Mercredi, 5 février 2014

Aujourd’hui, nous terminons la discussion amorcée hier après le visionnement du film de Benoît Pilon et j’enchaîne avec la mise en contexte du Québec des années 60 et 70. Le prochain film à présenter, demain, sera C.R.A.Z.Y. (2005) de Jean-Marc Vallée.

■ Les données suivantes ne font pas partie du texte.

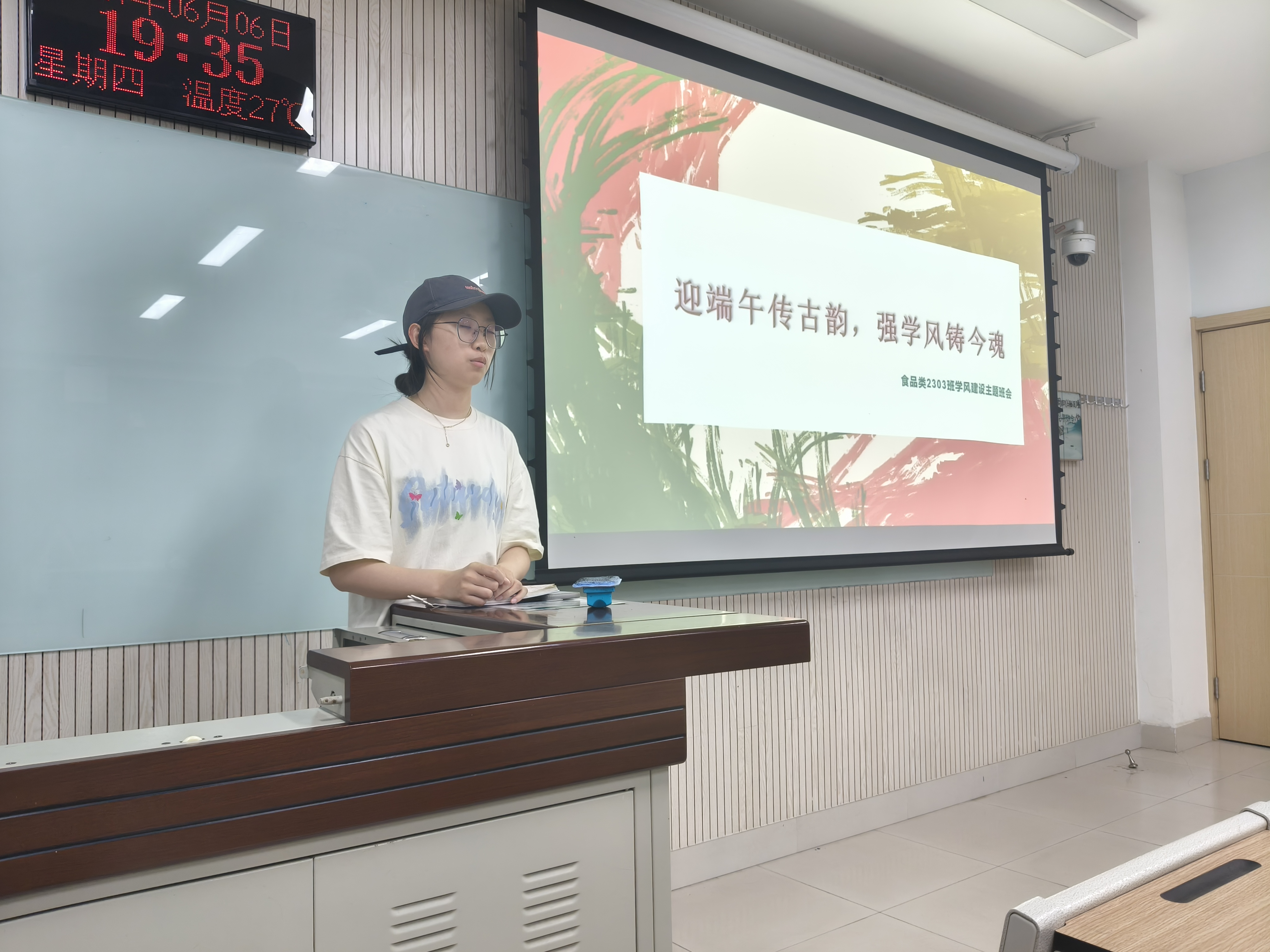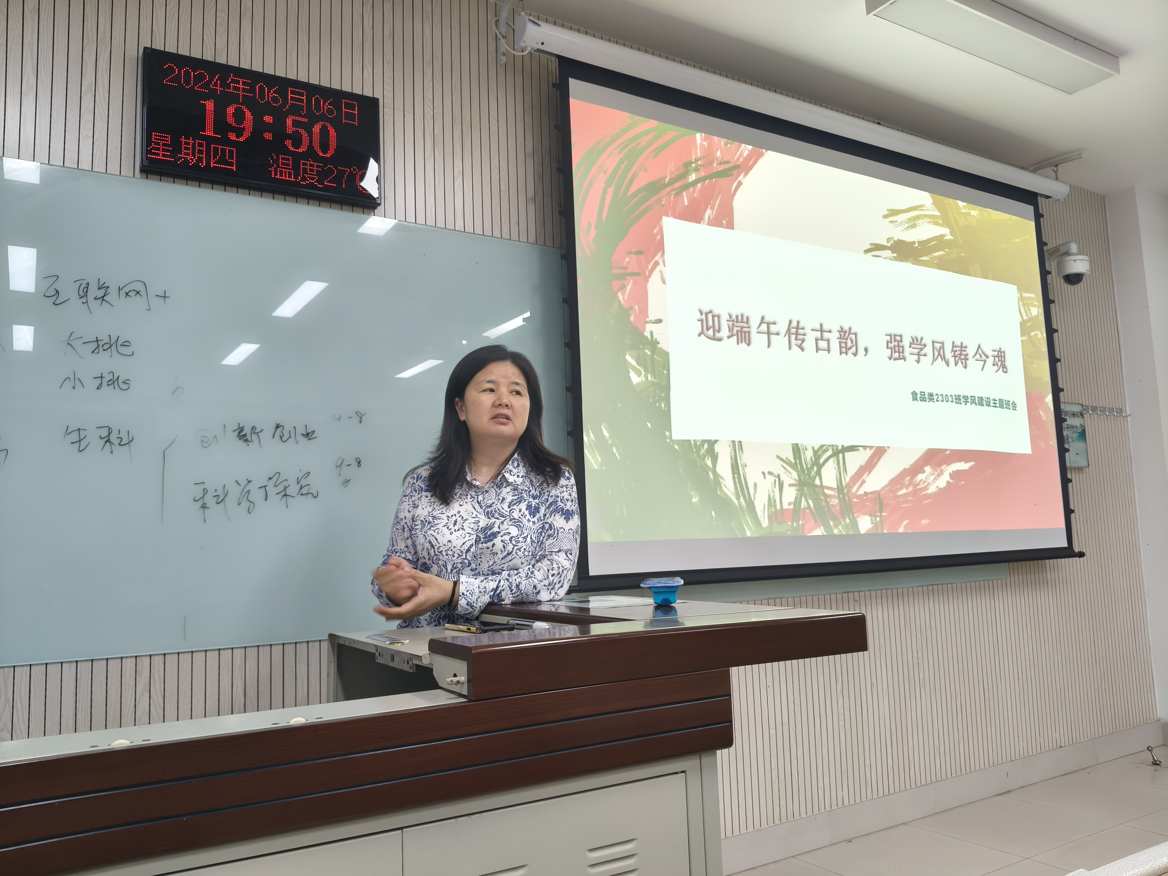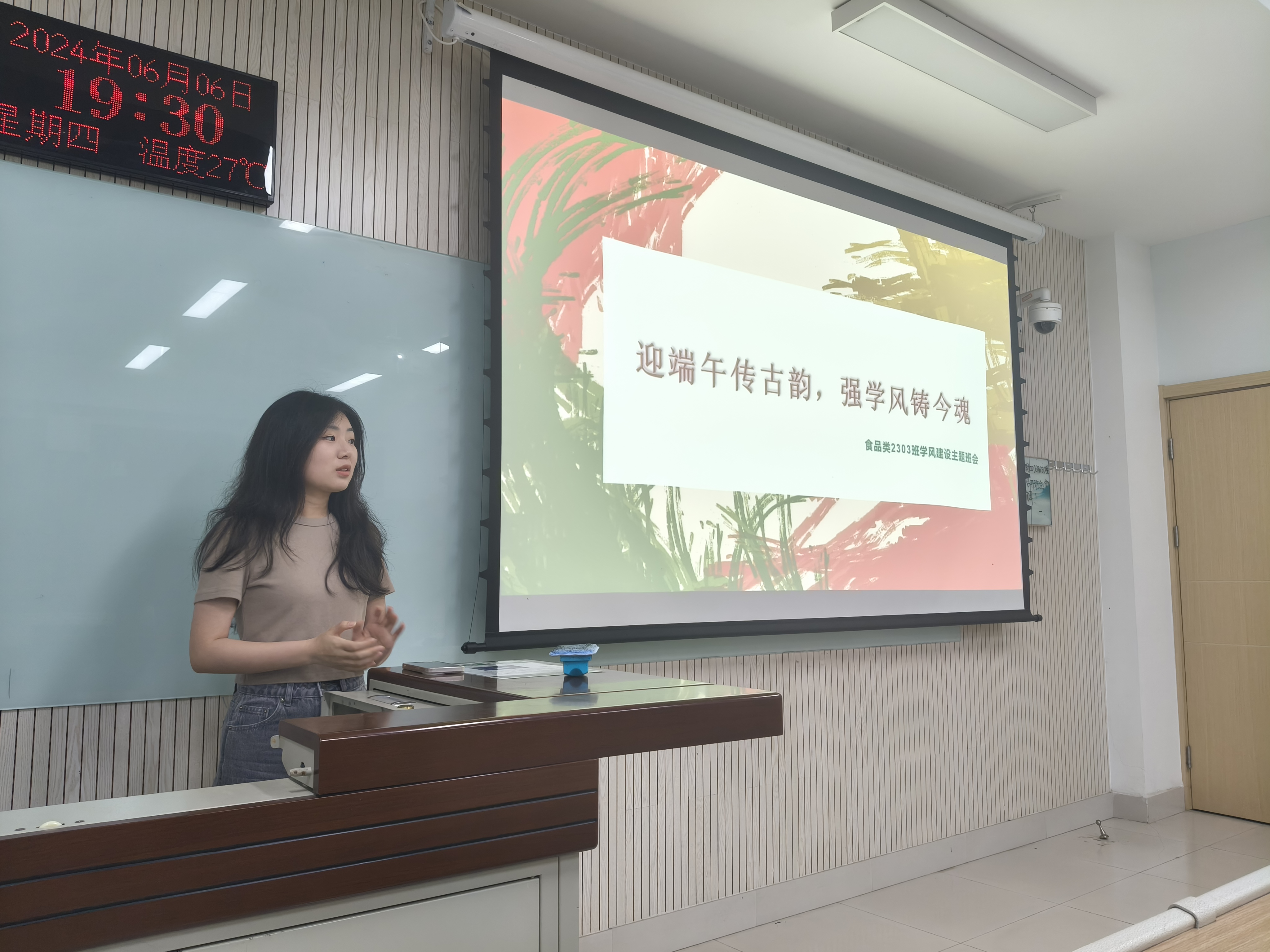 6月6日食品类2303班在N8120教室举办“迎端午传古韵,强学风铸今魂”主题班会,旨在通过端午节的文化传承,激发同学们的学习热情,同时推动班级学风建设和科创氛围的营造。

J’enchaîne avec des éléments de réflexion liés à la thématique. Mon exposé s’intitule : « Différent, comme tout le monde ». Je m’intéresse notamment à l’adolescence, cet âge où le rapport à l’autre prend une dimension identitaire extrêmement importante, où il devient si important, tout comme le personnage de Zach, de se savoir appartenir un clan (ici, la famille), mais aussi de s’en distinguer. Nous abordons cette période de contradiction telle qu’elle est vécue en Inde. Aux dires de mes étudiantes, il en ressort qu’ici aussi, il existe à cet âge ce tiraillement entre marginalité et conformisme, entre traditions et modernité… Puis, inévitablement, nous en venons à la question de l’homosexualité, centrale dans le parcours identitaire du protagoniste. J’appréhendais un peu les résistances ou malaises liées à ce sujet qui est encore un grand tabou en Inde, mais je sens une grande ouverture de la part des étudiantes. Les discussions sont animées et je les sens de plus en plus à l’aise avec moi. Avant la projection, j’avais quand même demandé l’avis de Valentin (qui donne également un cours de cinéma) quant au traitement de ce sujet. Il m'a rassuré en me parlant d'autres films qu'il avait lui-même présenté dans le cadre de son cours et il m'a aussi fait savoir que le film La vie d'Adèle (2013), d’Abdellatif Kechiche, avait passé dans un cinéma de Pune récemment. On avouera qu'en comparaison avec La vie d'Adèle, C.R.A.Z.Y., c'est les Calinours...

Après mon cours, je prends un thé avec Manjiri à la cantine du département.